Comparing the test statistic to a critical value. You calculate a chi-square statistic from your data, then look up the critical value in a chi-square distribution table using your degrees of freedom and alpha level. If your statistic exceeds that threshold, you reject the null hypothesis. At alpha = 0.05, the critical values for the most common degrees of freedom are:

1 degree of freedom: 3.84
2 degrees of freedom: 5.99
3 degrees of freedom: 7.82
4 degrees of freedom: 9.49

If your chi-square statistic is, say, 6.2 with 1 degree of freedom, that’s above 3.84, so you reject the null hypothesis.

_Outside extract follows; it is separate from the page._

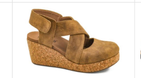 - Synthetic cross-strap upper with a closed toe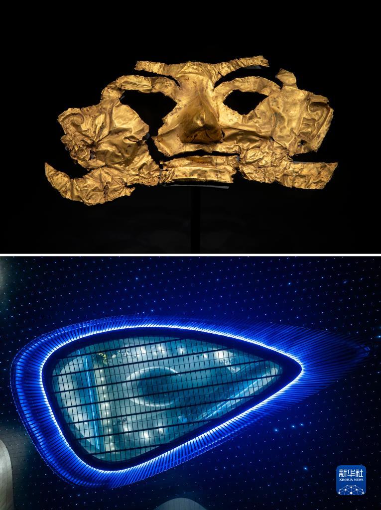 這是一張拼版圖片,上圖為:在位于四川廣漢市的三星堆博物館拍攝的金面具(2021年3月17日攝);下圖為:10月16日晚拍攝的2023成都世界科幻大會主場館——成都科幻館屋頂的“科幻之眼”(無人機照片)。這是屋頂內嵌的一塊面積為1382平方米的玻璃采光頂,寓意宇宙年齡138.2億年,其設計元素來源于三星堆金面具上的“古蜀之眼”。

Comparing the p-value to alpha. The p-value tells you the probability of seeing results as extreme as yours (or more extreme) if the null hypothesis were actually true. When that probability drops below your alpha level (typically 0.05), you reject the null. A p-value of 0.03 means there’s only a 3% chance the data would look this way under the null hypothesis, which falls below the 5% threshold.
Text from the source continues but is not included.